**Problem to solve**
Give again, word for word, the line holding "Очень повседневное и" and every line after it through the end of the data below. Omit pictures.

**The data**
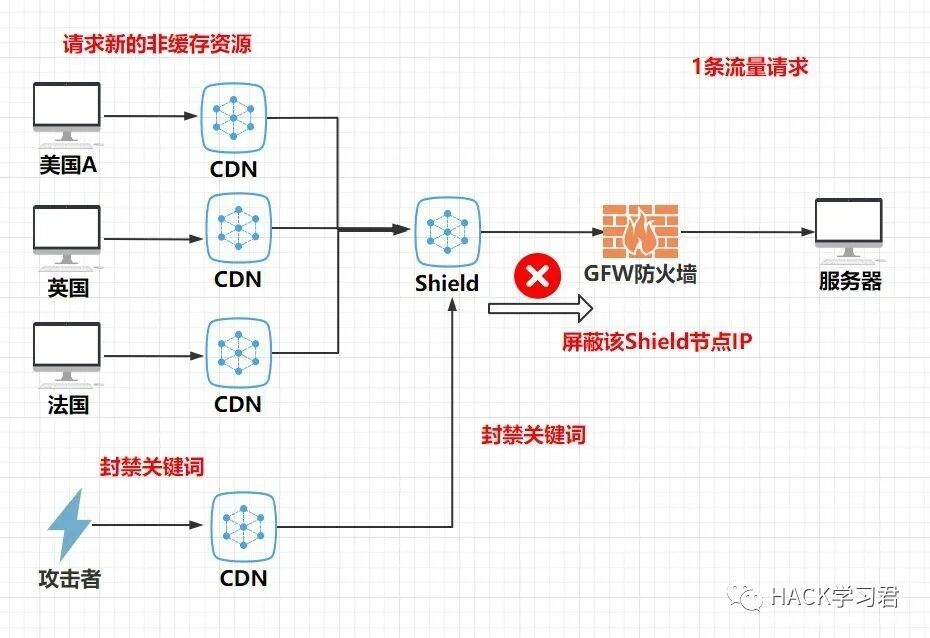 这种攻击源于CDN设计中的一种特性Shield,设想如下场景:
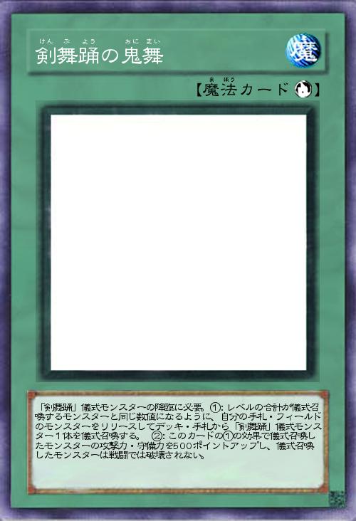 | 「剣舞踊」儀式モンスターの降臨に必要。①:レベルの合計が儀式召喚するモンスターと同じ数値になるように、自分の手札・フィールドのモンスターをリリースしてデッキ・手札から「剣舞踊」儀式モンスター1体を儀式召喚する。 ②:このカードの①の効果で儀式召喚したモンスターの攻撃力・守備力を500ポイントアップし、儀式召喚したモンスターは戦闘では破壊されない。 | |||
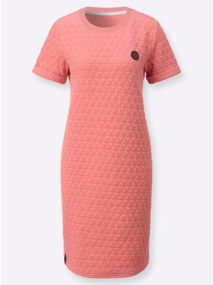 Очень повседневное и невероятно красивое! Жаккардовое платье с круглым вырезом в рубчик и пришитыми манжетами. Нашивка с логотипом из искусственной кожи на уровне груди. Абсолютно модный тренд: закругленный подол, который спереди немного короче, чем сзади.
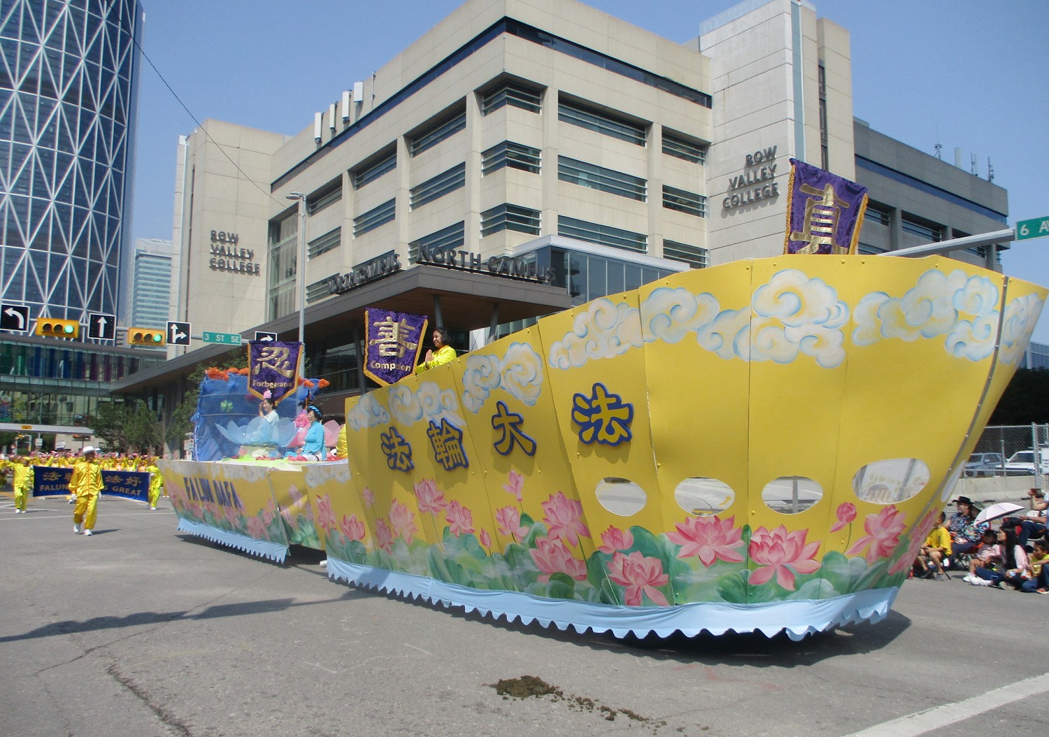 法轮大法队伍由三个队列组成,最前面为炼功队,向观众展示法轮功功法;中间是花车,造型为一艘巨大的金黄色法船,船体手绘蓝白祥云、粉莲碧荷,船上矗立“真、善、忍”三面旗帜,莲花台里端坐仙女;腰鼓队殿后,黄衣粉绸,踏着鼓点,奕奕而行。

**Written solution**
 Очень повседневное и невероятно красивое! Жаккардовое платье с круглым вырезом в рубчик и пришитыми манжетами. Нашивка с логотипом из искусственной кожи на уровне груди. Абсолютно модный тренд: закругленный подол, который спереди немного короче, чем сзади.
 法轮大法队伍由三个队列组成,最前面为炼功队,向观众展示法轮功功法;中间是花车,造型为一艘巨大的金黄色法船,船体手绘蓝白祥云、粉莲碧荷,船上矗立“真、善、忍”三面旗帜,莲花台里端坐仙女;腰鼓队殿后,黄衣粉绸,踏着鼓点,奕奕而行。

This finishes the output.